YOUR GOAL:
Return the listing below verbatim. Pictures do not belong in the copy.

[GIVEN INFORMATION Boundary: Start]

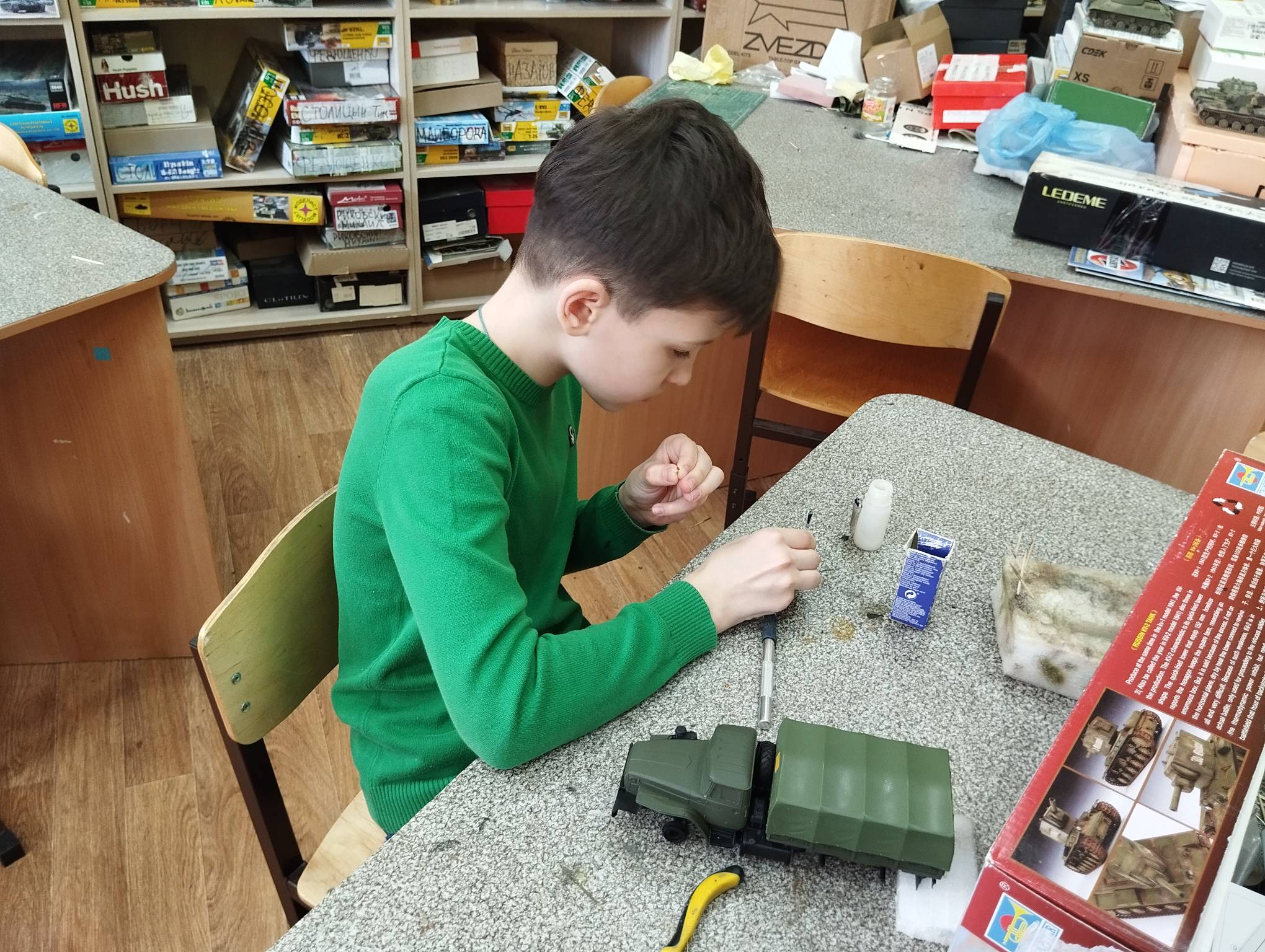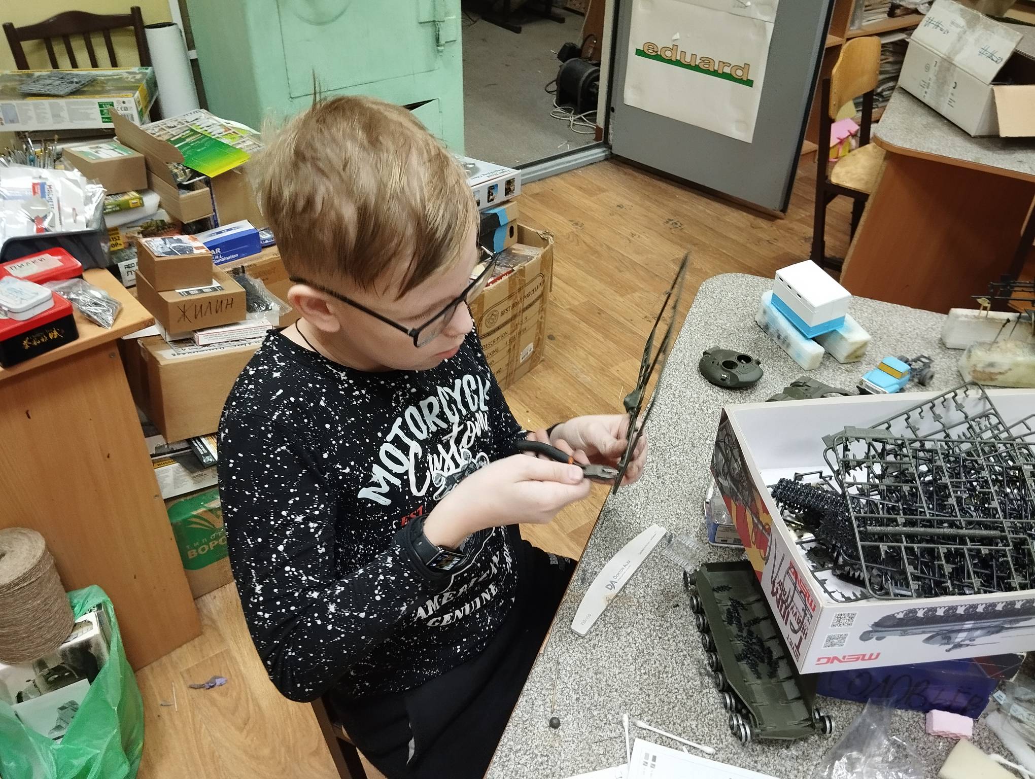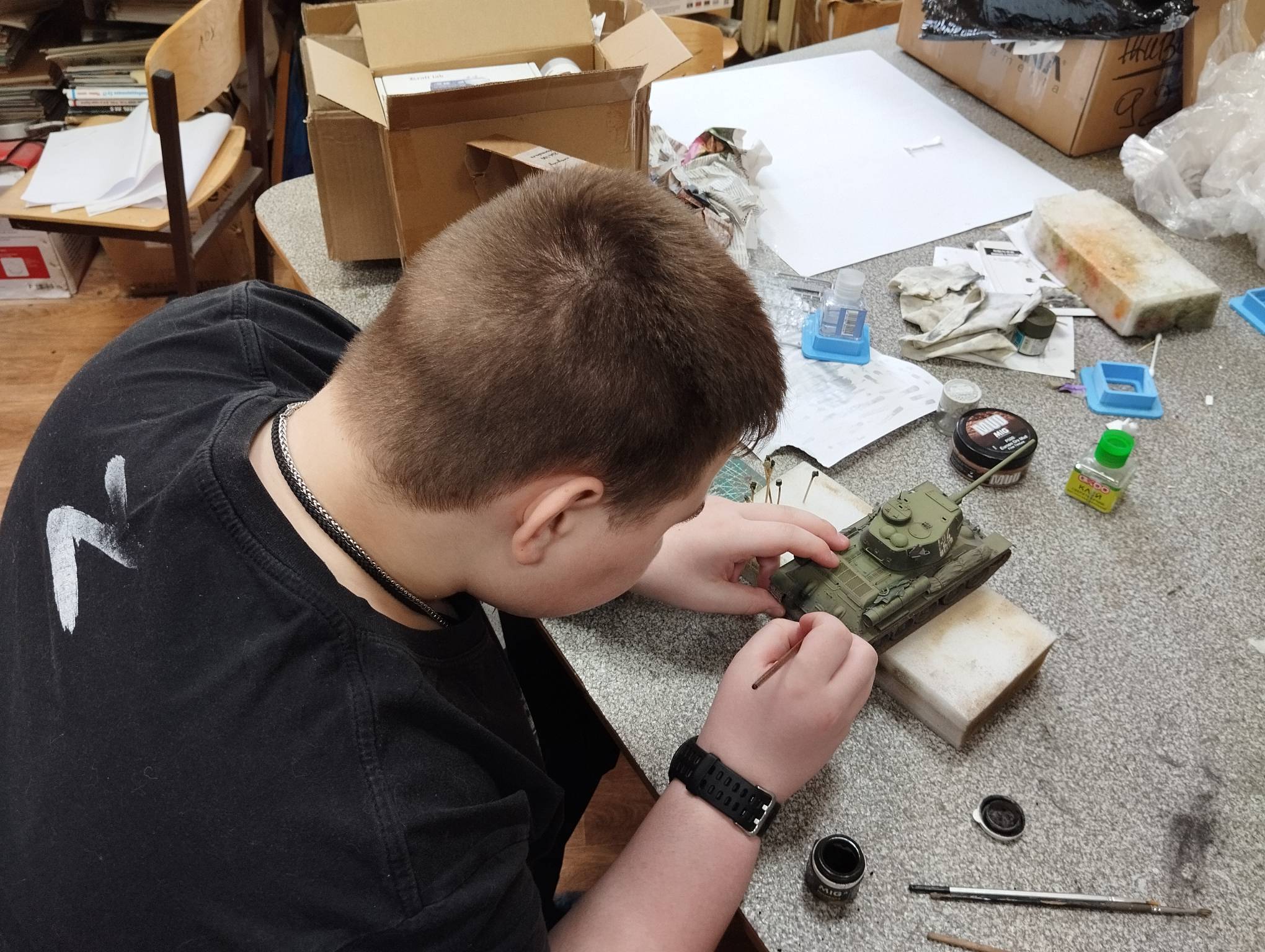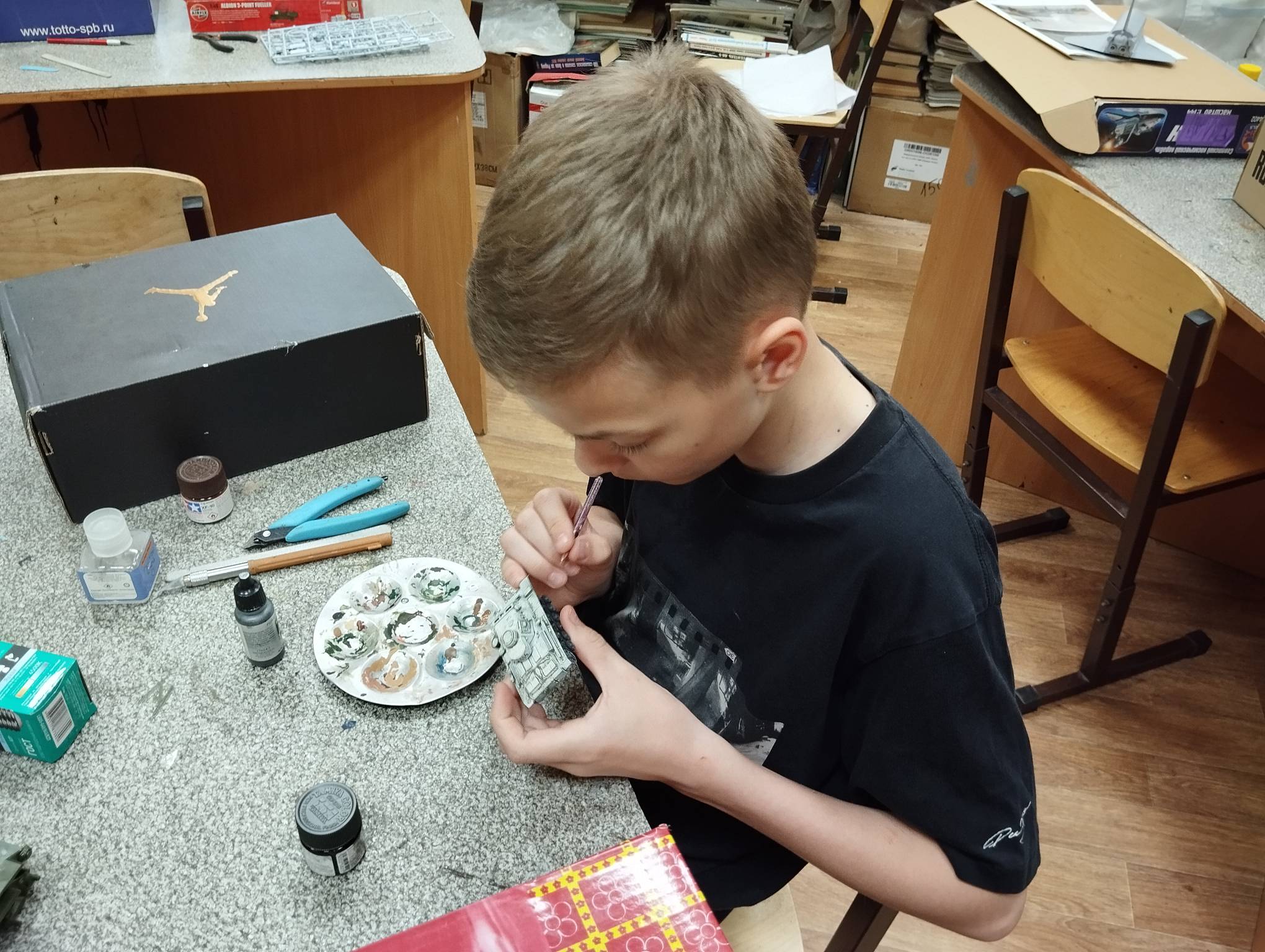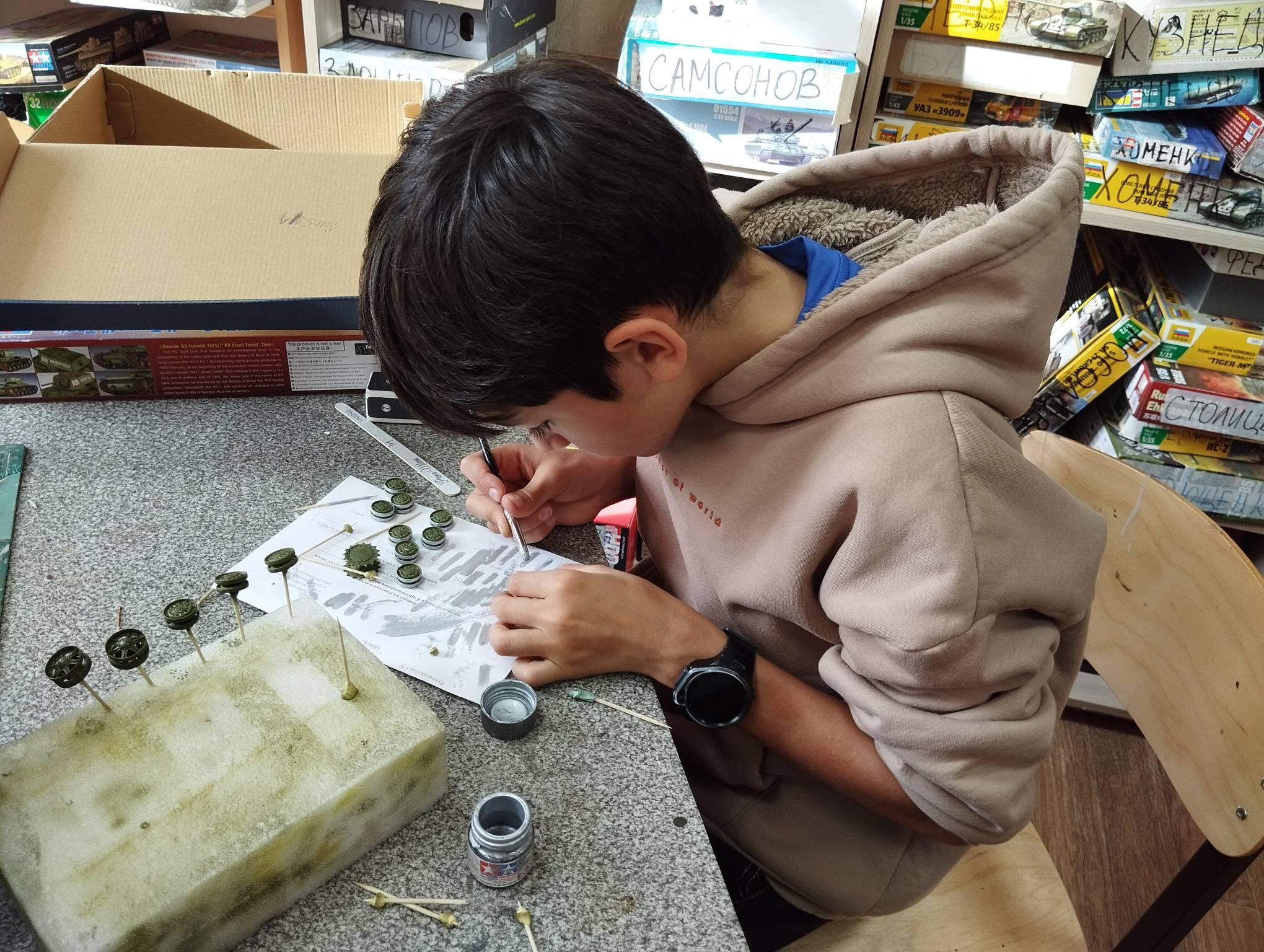 В субботу весь день занимались. Все стараются успеть доделать модели к нашей выставке в Нижнем Новгороде, ведь уже меньше месяца осталось.
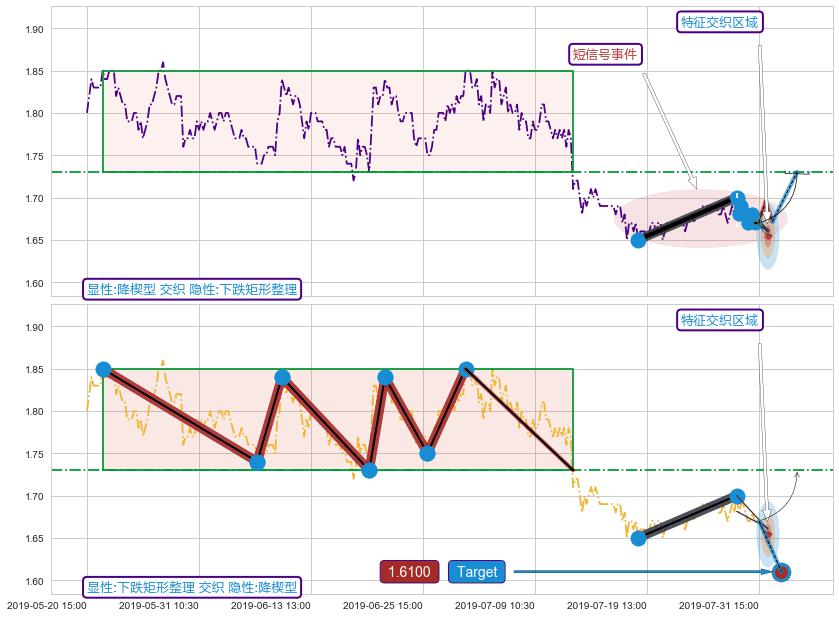 ➢ 下跌矩形整理:猜想预期下跌目标target即将达成,随后猜想强支撑来临,预期反弹上涨(均值回复)
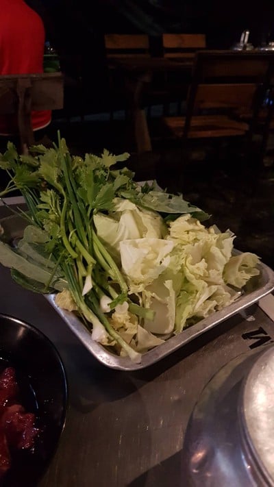 ผ่านบ่อยแต่พึ่งมาครั้งแรก เห็นบรรยากาศมองดูแล้ว okนะ จอนั่งด้านนอกหลังคาเพราะชอบให้ลมพัดควันจะได้พัดออกไปจะได้ไม่ค่อยติดตัวเท่าไหร่ ตอนนี้มี โปรด..2แถม1ชุดละ150บาท แต่ถ้วยเล็กหน่อยนะ เฉลี่ยก็เท่ากับถ้วยละ100 ก็ สมราคา นะ หมู กับ สามชั้น+ตับ หมัก ได้ นุ่ม แต่น้ำจิ้มหวานไป ผักเติมได้ตลอดไม่อั้น มีกีตาร์แล่นสดให้ฟังเพราะดีด้วย บริการดีดูเพิ่มเติม
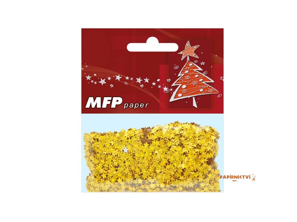 Vánoční dekorace, zlaté konfety ve tvaru hvězdy. Konfety jsou ve zlaté metalické barvě - vhodné pro dekorování stolů, nebo pro výrobu vánočních dekorací.Hmotnost: 20g

[GIVEN INFORMATION Boundary: End]

ANSWER SECTION:
 В субботу весь день занимались. Все стараются успеть доделать модели к нашей выставке в Нижнем Новгороде, ведь уже меньше месяца осталось.
 ➢ 下跌矩形整理:猜想预期下跌目标target即将达成,随后猜想强支撑来临,预期反弹上涨(均值回复)
 ผ่านบ่อยแต่พึ่งมาครั้งแรก เห็นบรรยากาศมองดูแล้ว okนะ จอนั่งด้านนอกหลังคาเพราะชอบให้ลมพัดควันจะได้พัดออกไปจะได้ไม่ค่อยติดตัวเท่าไหร่ ตอนนี้มี โปรด..2แถม1ชุดละ150บาท แต่ถ้วยเล็กหน่อยนะ เฉลี่ยก็เท่ากับถ้วยละ100 ก็ สมราคา นะ หมู กับ สามชั้น+ตับ หมัก ได้ นุ่ม แต่น้ำจิ้มหวานไป ผักเติมได้ตลอดไม่อั้น มีกีตาร์แล่นสดให้ฟังเพราะดีด้วย บริการดีดูเพิ่มเติม
 Vánoční dekorace, zlaté konfety ve tvaru hvězdy. Konfety jsou ve zlaté metalické barvě - vhodné pro dekorování stolů, nebo pro výrobu vánočních dekorací.Hmotnost: 20g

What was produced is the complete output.